AI Technical Summary

Benefits of technology

[0011] In view of the foregoing, a primary objective of the invention is to provide a magnetic random access memory (MRAM) with high write selectivity and low power consumption. The invention reduces the write current required by the MRAM, thereby reducing the power consumption during the write period thereof.

[0012] The disclosed structure can eliminate the magnetic interference problem of the write word lines on adjacent MTJ's. This increases the write selectivity of the MRAM.

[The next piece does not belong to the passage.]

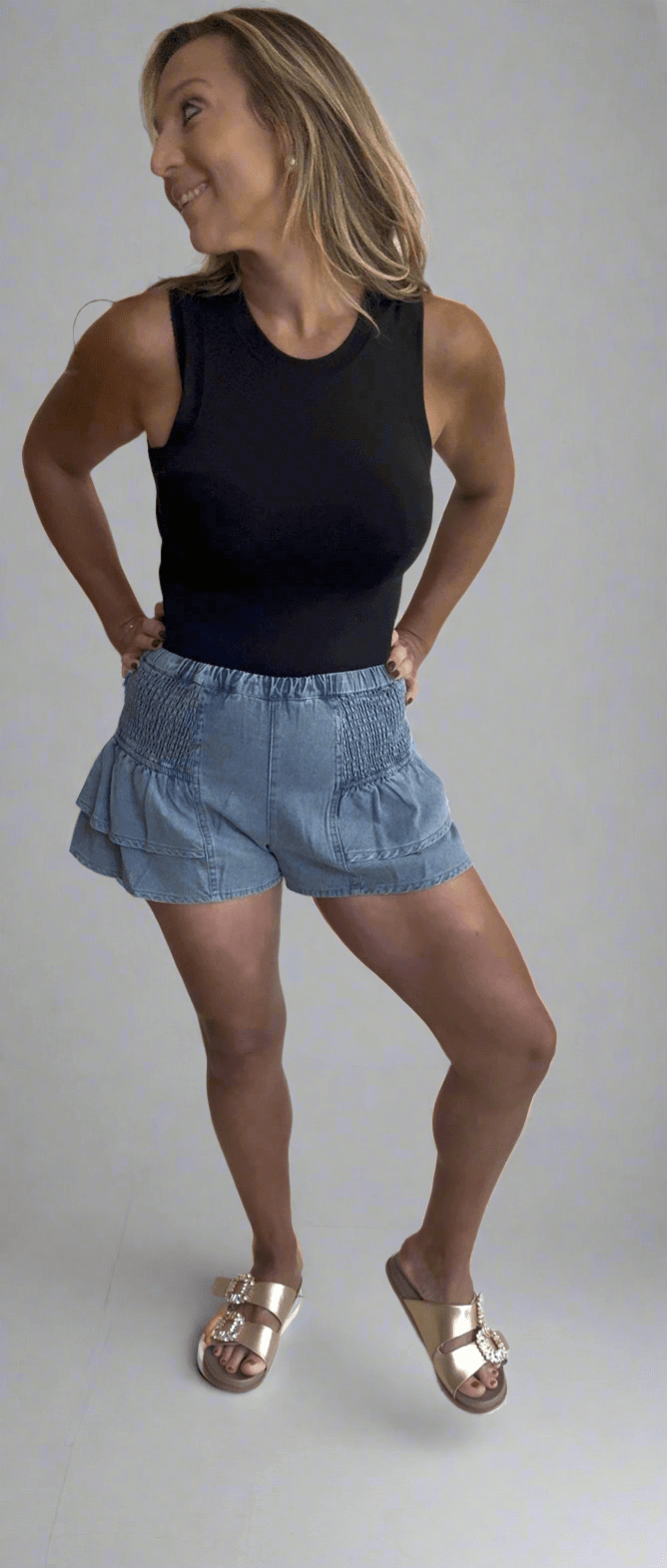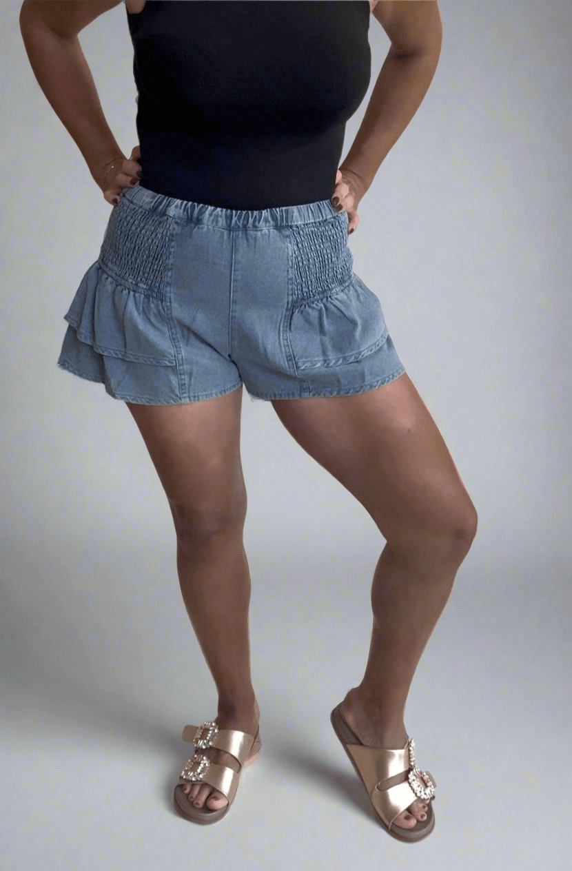 The Mandy Denim Flutter Shorts combine comfort and style with lightweight cotton denim and a flexible elastic waist for an easy, flattering fit. Featuring an adorable tiered ruffle along the side, these shorts add a slimline, feminine flair perfect for sunny days and casual outings. Elevate your wardrobe with this effortlessly chic piece.

[0013] To achieve the above-mentioned objective, the disclosed MRAM has a plurality of MTJ cells, a plurality of bit lines, a plurality of middle metal pillars, and a plurality of PWWL's. Each MTJ cell is comprised of a magnetic tunnel junction cell and a lower electrode. Changing the magnetization orientation of the magnetic tunnel junction cell determines the memory state. Each bit line provides the read and write current channels for the corresponding MTJ cell. Each middle metal pillar connects the MTJ cell and the bit line. Each write word line is comprised of an upper layer write word line, a lower layer write word line and a pair of PWWL's, providing the write current channel for the MTJ cell. This increases the induced magnetic field at the MTJ cell. The PWWL's of the adjacent MTJ cells are disposed in an interleaving fashion (zigzag pattern as shown in the FIG. 2). Aside from the part of the PWWL facing the surrounding of the magnetic tunnel junction cell, the rest is covered by a sidewall keeper. The sidewall keeper covering the PWWL's of the disclosed MRAM can reduce the write current required by the MRAM.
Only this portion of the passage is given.